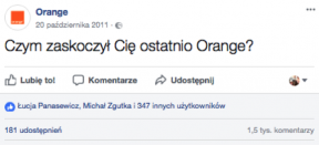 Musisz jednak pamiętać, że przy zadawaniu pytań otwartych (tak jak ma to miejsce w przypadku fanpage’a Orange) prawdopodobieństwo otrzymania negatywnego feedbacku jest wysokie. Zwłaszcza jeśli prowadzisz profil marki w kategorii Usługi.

──────────────────────────────

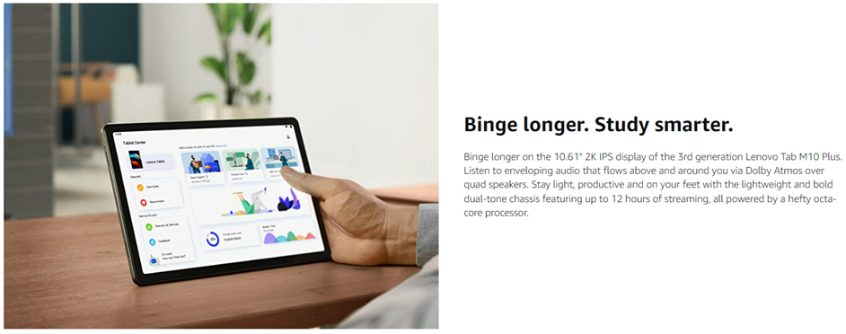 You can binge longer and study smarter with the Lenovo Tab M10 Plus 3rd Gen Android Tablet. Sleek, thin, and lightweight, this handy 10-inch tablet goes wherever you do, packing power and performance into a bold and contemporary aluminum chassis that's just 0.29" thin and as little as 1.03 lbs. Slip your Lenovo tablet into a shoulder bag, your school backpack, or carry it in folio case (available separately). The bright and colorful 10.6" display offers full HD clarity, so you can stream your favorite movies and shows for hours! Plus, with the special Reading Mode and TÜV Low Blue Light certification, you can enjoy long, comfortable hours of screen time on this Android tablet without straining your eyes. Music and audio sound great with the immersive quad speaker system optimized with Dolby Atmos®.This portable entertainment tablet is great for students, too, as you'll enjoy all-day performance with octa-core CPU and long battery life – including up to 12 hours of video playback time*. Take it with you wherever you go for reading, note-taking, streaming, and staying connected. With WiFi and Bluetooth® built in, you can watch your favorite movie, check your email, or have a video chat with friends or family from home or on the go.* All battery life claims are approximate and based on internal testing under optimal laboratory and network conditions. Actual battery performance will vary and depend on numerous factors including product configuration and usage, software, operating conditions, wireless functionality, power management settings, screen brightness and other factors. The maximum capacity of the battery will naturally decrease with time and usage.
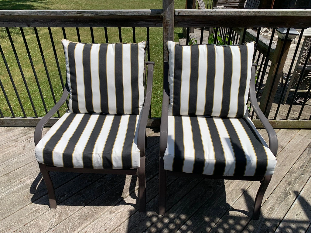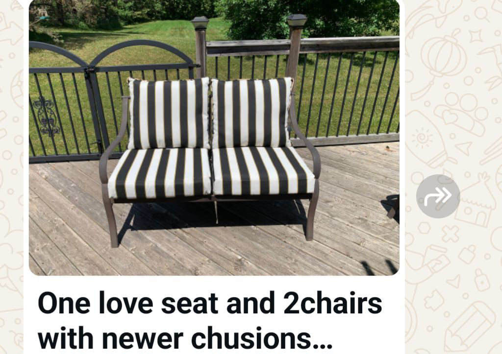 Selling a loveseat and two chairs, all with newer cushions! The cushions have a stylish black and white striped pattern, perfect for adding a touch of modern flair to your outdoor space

──────────────────────────────

ASSIGNMENT: Now transcribe the lines above exactly, starting at the line containing "You can binge" and ending at the line containing "Selling a loveseat", both lines included, pictures excluded.

ANSWER FOR THE TASK:
 You can binge longer and study smarter with the Lenovo Tab M10 Plus 3rd Gen Android Tablet. Sleek, thin, and lightweight, this handy 10-inch tablet goes wherever you do, packing power and performance into a bold and contemporary aluminum chassis that's just 0.29" thin and as little as 1.03 lbs. Slip your Lenovo tablet into a shoulder bag, your school backpack, or carry it in folio case (available separately). The bright and colorful 10.6" display offers full HD clarity, so you can stream your favorite movies and shows for hours! Plus, with the special Reading Mode and TÜV Low Blue Light certification, you can enjoy long, comfortable hours of screen time on this Android tablet without straining your eyes. Music and audio sound great with the immersive quad speaker system optimized with Dolby Atmos®.This portable entertainment tablet is great for students, too, as you'll enjoy all-day performance with octa-core CPU and long battery life – including up to 12 hours of video playback time*. Take it with you wherever you go for reading, note-taking, streaming, and staying connected. With WiFi and Bluetooth® built in, you can watch your favorite movie, check your email, or have a video chat with friends or family from home or on the go.* All battery life claims are approximate and based on internal testing under optimal laboratory and network conditions. Actual battery performance will vary and depend on numerous factors including product configuration and usage, software, operating conditions, wireless functionality, power management settings, screen brightness and other factors. The maximum capacity of the battery will naturally decrease with time and usage.
 Selling a loveseat and two chairs, all with newer cushions! The cushions have a stylish black and white striped pattern, perfect for adding a touch of modern flair to your outdoor space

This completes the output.